*** Opening of SOURCE DATA ***
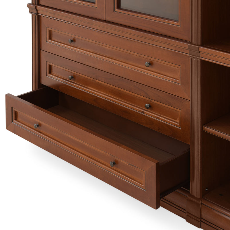 - 1x etajeră lată, 3 sertare, 2 uși sticlă: L. 103 x l. 34 x H. 230 cm.
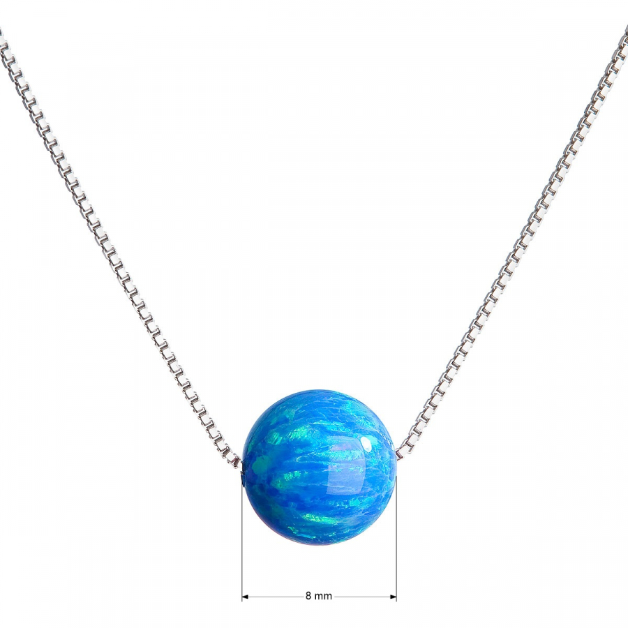 Strieborný náhrdelník so syntetickým opálom modrý okrúhly 12044.3
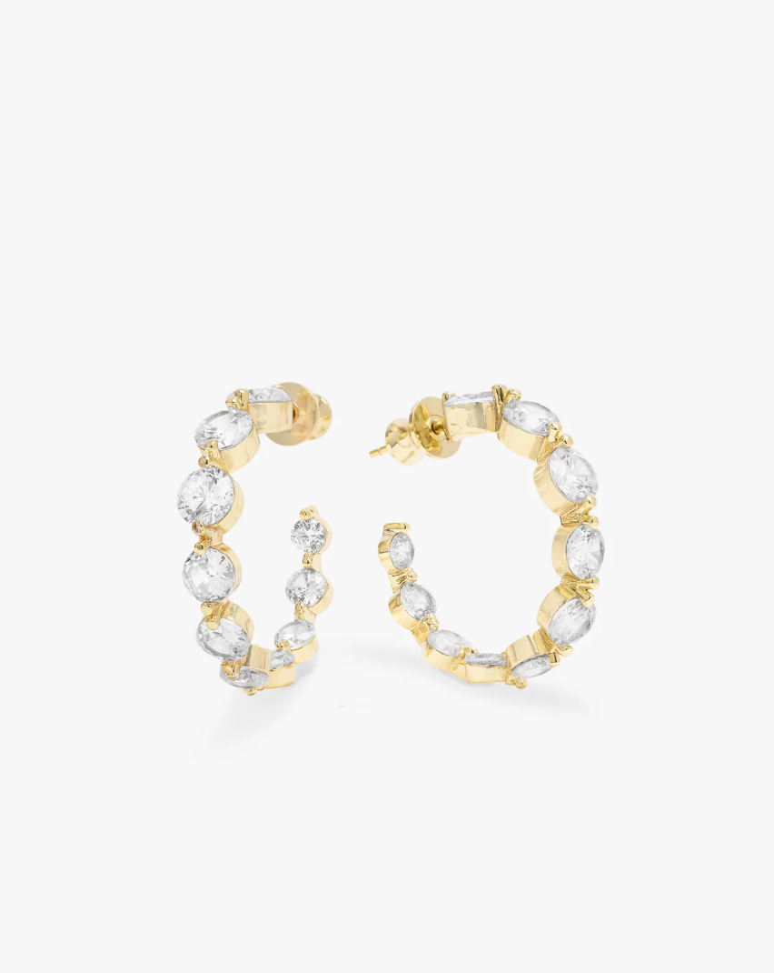 The She's an Icon Hoops .75" are the perfect dainty gold staple, delivering just the right amount of brilliance for everyday wear. These elegant 3/4 inch hoops feature graduated round simulated diamonds, which sparkle beautifully against the luminous 18k gold plated setting. Designed to be sophisticated and subtle, this size is ideal for those who favor a minimalist yet luxurious accessory that works for any occasion. They are the perfect plus-one for any event but can also make any day just a little bit more special.
*** Close of SOURCE DATA ***
**WHAT YOU ARE ASKED TO DO**
A faithful copy of all the data above is required, printed exactly and with no pictures.

**TASK RESPONSE**
 - 1x etajeră lată, 3 sertare, 2 uși sticlă: L. 103 x l. 34 x H. 230 cm.
 Strieborný náhrdelník so syntetickým opálom modrý okrúhly 12044.3
 The She's an Icon Hoops .75" are the perfect dainty gold staple, delivering just the right amount of brilliance for everyday wear. These elegant 3/4 inch hoops feature graduated round simulated diamonds, which sparkle beautifully against the luminous 18k gold plated setting. Designed to be sophisticated and subtle, this size is ideal for those who favor a minimalist yet luxurious accessory that works for any occasion. They are the perfect plus-one for any event but can also make any day just a little bit more special.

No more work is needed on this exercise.